-- Opening Marker --

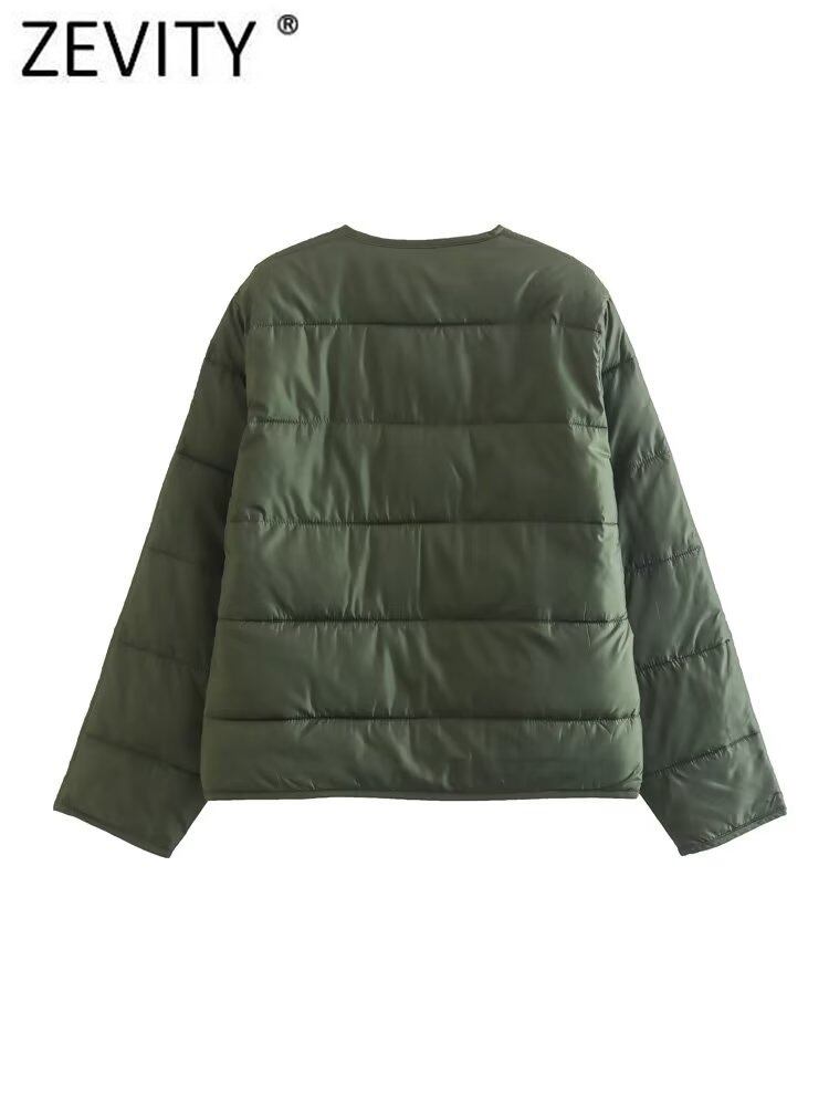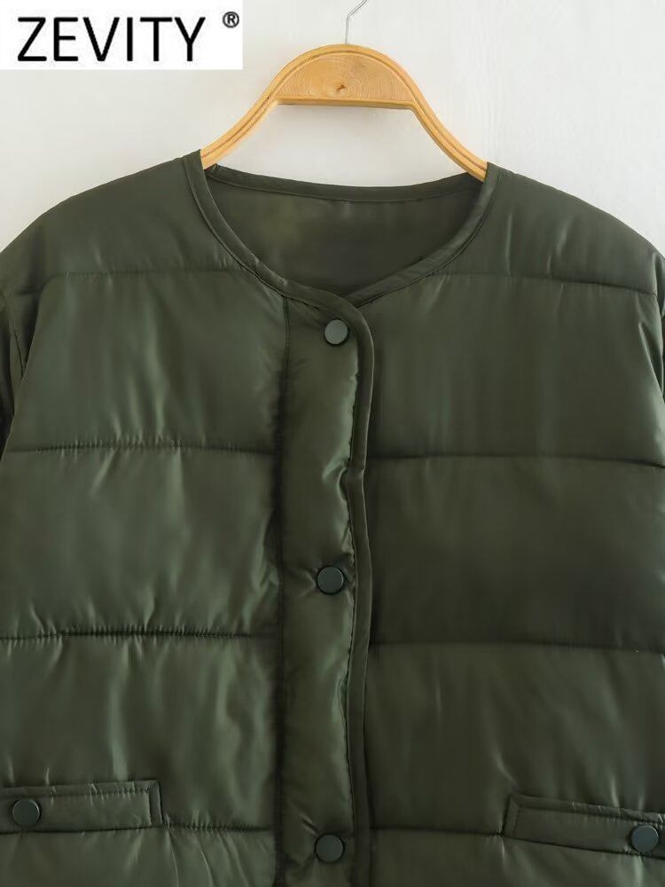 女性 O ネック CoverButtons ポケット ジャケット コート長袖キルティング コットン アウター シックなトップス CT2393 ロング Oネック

-- Closing Marker --
-- Opening Marker --

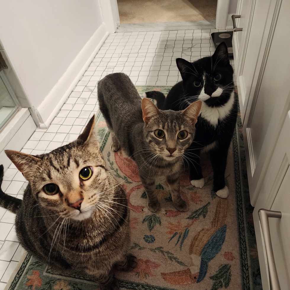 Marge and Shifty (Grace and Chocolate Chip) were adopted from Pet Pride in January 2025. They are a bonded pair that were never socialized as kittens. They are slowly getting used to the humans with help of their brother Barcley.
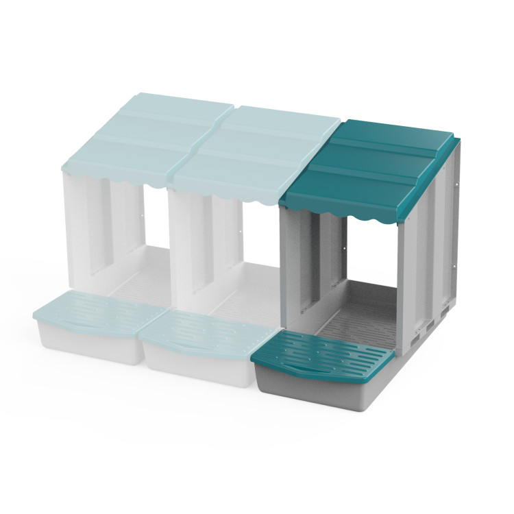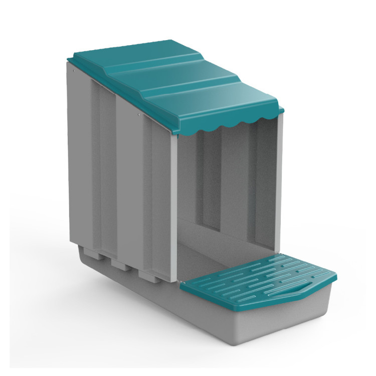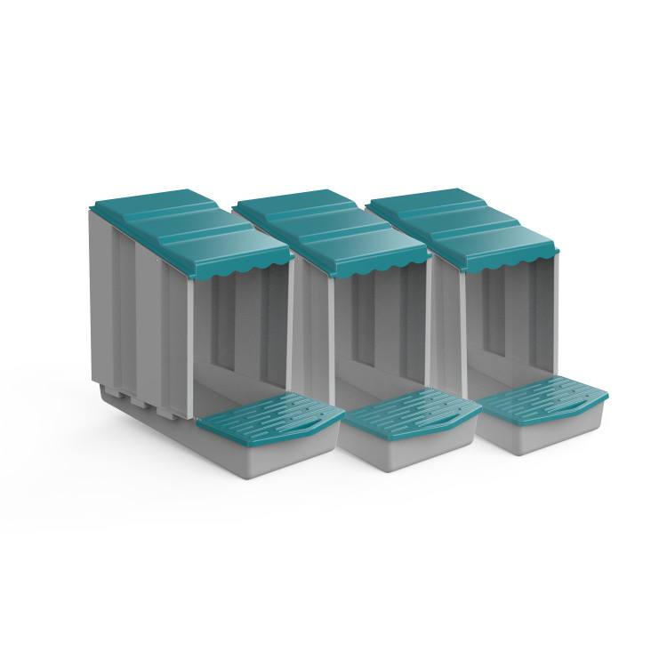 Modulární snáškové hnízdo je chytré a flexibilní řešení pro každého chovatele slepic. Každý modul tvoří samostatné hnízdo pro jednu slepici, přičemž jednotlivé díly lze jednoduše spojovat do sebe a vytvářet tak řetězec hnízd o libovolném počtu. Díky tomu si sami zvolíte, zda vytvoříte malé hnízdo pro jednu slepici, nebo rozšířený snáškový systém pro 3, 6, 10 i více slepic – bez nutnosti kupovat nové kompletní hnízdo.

-- Closing Marker --

ASSIGNMENT:
Leave the pictures out. Output, exactly, the lines of the material above starting at the line containing "Marge and Shifty" and ending at the line containing "Modulární snáškové hnízdo".

TASK SOLUTION:
 Marge and Shifty (Grace and Chocolate Chip) were adopted from Pet Pride in January 2025. They are a bonded pair that were never socialized as kittens. They are slowly getting used to the humans with help of their brother Barcley.
 Modulární snáškové hnízdo je chytré a flexibilní řešení pro každého chovatele slepic. Každý modul tvoří samostatné hnízdo pro jednu slepici, přičemž jednotlivé díly lze jednoduše spojovat do sebe a vytvářet tak řetězec hnízd o libovolném počtu. Díky tomu si sami zvolíte, zda vytvoříte malé hnízdo pro jednu slepici, nebo rozšířený snáškový systém pro 3, 6, 10 i více slepic – bez nutnosti kupovat nové kompletní hnízdo.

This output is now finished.